He sat back on the park bench and stretched his legs out, waiting for Anne to show up. Koudelka had actually met the man once. At a pre-launch mixer where all the crew and support staff and their families were supposed to get to know each other. The man had been pushing most of a tray of shrimp cocktail that was supposed to be for all of them onto his plate when he'd first been pointed out to Koudelka as the _Hephaestus_ ' communications officer. He'd been chatty, funny, a little annoying, and younger than Koudelka would have thought. Renée had taken a dislike to Eiffel instantly, but Koudelka hadn't minded him.

"Hi," a voice with a slightly strange accent said from behind him, interrupting his thoughts, "are you Mr.
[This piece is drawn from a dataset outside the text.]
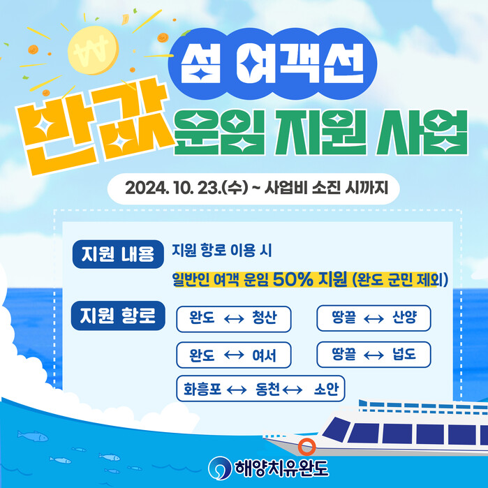 올해 초 시행된 ‘반값 여객선 운임제’는 관광객 방문 증가로 사업이 조기 마감됐으나 추가 예산을 확보해 23일부터 약 2주간 지원이 가능할 것으로 보인다.

Koudelka?"

Koudelka stood and turned. There stood a girl -- well, a young woman, he supposed -- whose face matched the photo in his dossier, and who greatly resembled the man he had met at that gala so many years ago.

"Yes, but please call me Dominic." He stretched his hand out for a shake, and when she responded in kind the light glinted off of thin, metallic filaments adhered to her skin that stretched from her bicep down to the ends of each of her fingers. Each wire led back up to a band on her upper arm that contained a small, flat speaker.
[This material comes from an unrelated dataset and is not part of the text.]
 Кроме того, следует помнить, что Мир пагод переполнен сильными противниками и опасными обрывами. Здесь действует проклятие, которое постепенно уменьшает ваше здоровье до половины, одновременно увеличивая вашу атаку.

"Nice to meet you," the girl signed to Koudelka, the English words emanating from the speaker in the armband. Koudelka had a feeling that it took some of the poetry and minutiae out of her words, but he was grateful she had brought it nonetheless -- he was fluent in several languages, but American Sign Language was not one of them. There was no need for a translator as he interviewed the daughter of a man that he had only met once, but who would have been Renée's constant companion in the time leading up to her death. It was a strange feeling; both of them brought together by the echoes of the same tragedy.

Koudelka started with the basics. He asked her a little about herself, her family, how she liked her school, if anyone strange had ever tried to contact her about Douglas Eiffel. He got the answers he expected, then:

"Did you know your father?" As Koudelka spoke, the words appeared on her phone screen.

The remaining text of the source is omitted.